The Same Data as JSON
Through Eligibility.dev, the same 271 response is returned as structured JSON:
{
"coverage_status": "active",
"plan_name": "Blue Cross PPO Select",
"group_number": "GRP-00123",
"member_id": "XYZ123456",
"effective_date": "2026-01-01",
"termination_date": null,
"payer_name": "Blue Cross Blue Shield",
"payer_id": "00001",
"deductible_individual": 1500,
"deductible_individual_met": 400,
"deductible_individual_remaining": 1100,
"deductible_family": 3000,
"deductible_family_met": 400,
"deductible_family_remaining": 2600,
"out_of_pocket_max_individual": 5000,
"out_of_pocket_max_individual_met": 400,
"out_of_pocket_max_individual_remaining": 4600,
"copay_primary_care": 30,
"copay_specialist": 60,
"coinsurance": 20,
"service_type": "30"
}
Same data. No EDI parser required.
Key Fields and What They Mean
coverage_status
Whether the patient has active coverage. Values: active, inactive, unknown. Branch on this first — if it's not active, route to manual verification before booking.
deductible_individual / deductible_individual_remaining
The patient's annual deductible and how much is left to meet. If the remaining amount is high, surface it before the visit so the practice can collect a payment estimate.
out_of_pocket_max_individual_remaining
How much the patient still owes before the payer covers 100%. Patients near their out-of-pocket max are low collection risk.
copay_primary_care / copay_specialist
The fixed amount the patient pays per visit. Practices collect this at check-in.
coinsurance
The percentage the patient pays after the deductible is met. Common values: 10, 20, 30 (percent).
effective_date
When coverage started. If this is in the future, the patient isn't covered yet.
termination_date
When coverage ends. null means no end date on file (ongoing coverage).
service_type
The X12 service type code. 30 is Health Benefit Plan Coverage (general). You can request specific service types — professional, inpatient, outpatient — depending on the visit type.
Why This Matters for AI Agents
A Voice AI agent can read coverage_status and respond naturally in under a second:
active→ "Your Blue Cross coverage is active. Your copay for today's visit is $30."inactive→ "I wasn't able to verify active coverage with that insurance. Let me connect you with our billing team."unknown→ "We had trouble confirming your coverage. Can you double-check your member ID?"

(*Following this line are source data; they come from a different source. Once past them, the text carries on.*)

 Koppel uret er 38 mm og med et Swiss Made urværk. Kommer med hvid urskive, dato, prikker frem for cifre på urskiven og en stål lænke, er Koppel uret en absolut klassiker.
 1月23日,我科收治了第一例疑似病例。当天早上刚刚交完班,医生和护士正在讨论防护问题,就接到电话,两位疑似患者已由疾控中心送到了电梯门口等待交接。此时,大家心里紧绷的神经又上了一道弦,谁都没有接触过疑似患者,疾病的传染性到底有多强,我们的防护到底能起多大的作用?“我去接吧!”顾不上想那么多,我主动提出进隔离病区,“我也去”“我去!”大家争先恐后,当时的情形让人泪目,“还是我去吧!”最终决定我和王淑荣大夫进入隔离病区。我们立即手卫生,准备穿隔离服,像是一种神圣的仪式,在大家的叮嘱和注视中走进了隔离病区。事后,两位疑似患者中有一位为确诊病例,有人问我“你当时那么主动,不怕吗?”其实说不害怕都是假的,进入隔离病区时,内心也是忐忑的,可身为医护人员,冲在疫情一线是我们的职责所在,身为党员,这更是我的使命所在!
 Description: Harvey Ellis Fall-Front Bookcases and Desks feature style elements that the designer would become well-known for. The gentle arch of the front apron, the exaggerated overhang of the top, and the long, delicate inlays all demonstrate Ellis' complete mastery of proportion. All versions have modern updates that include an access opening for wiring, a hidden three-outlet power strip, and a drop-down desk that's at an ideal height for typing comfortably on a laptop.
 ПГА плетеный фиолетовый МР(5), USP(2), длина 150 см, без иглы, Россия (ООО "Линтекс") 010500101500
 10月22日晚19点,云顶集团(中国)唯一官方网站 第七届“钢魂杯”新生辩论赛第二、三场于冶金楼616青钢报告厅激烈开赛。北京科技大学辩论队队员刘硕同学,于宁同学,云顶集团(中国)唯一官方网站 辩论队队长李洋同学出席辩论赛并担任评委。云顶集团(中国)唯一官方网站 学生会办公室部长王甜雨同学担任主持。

The agent doesn't need to understand EDI. It reads JSON fields and branches accordingly.
Making the Request
You don't send a raw 270 transaction. You call a REST endpoint:
GET /api/eligibility/check
Authorization: Bearer <your-api-key>
{
"npi": "1234567890",
"member_id": "XYZ123456",
"payer_id": "00001",
"first_name": "Jane",
"last_name": "Doe",
"date_of_birth": "1985-04-12"
}
Eligibility.dev builds the X12 270, sends it to the payer, parses the 271, and returns the JSON. You get the data in under 1 second without touching EDI.

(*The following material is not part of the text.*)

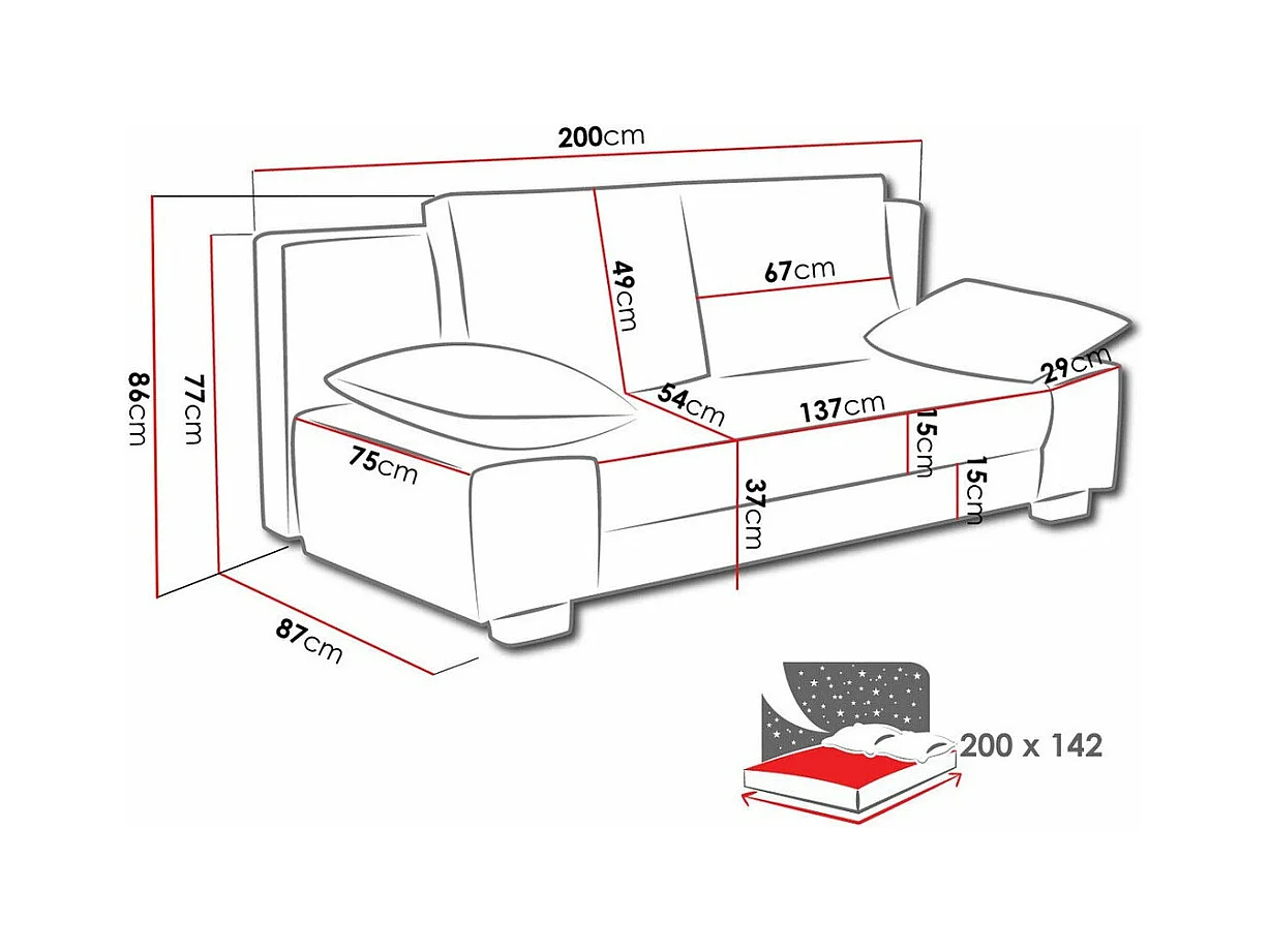 Sofá-cama Comfivo 145, Caixa para roupa de cama, 77x200x87cm

Testing Without a Real Payer
The mock endpoint returns a realistic 271-equivalent JSON response without hitting a real payer:
GET https://www.eligibility.dev/api/eligibility/check/mock
Use it to build your parsing logic and test your workflow branches before you go live.
FAQ
Do I need to understand X12 EDI to use this API?
No. Eligibility.dev handles all EDI translation. You send JSON, you receive JSON.
What's a payer ID?
A 5-digit code that identifies the insurance company. The full list of supported payers and their IDs is at eligibility.dev/payers.
Can I request a specific service type?
Yes. Pass a service_type field in the request body with the X12 service type code for the visit type you're checking.
How quickly does the response come back?
Under 1 second for most payers. A small number of payers have slower response times — these are documented in the payer list.
What if the payer returns an error instead of benefit data?
Common errors: member not found, NPI not on file, payer unavailable. The API returns structured error codes so your workflow can handle each case without crashing.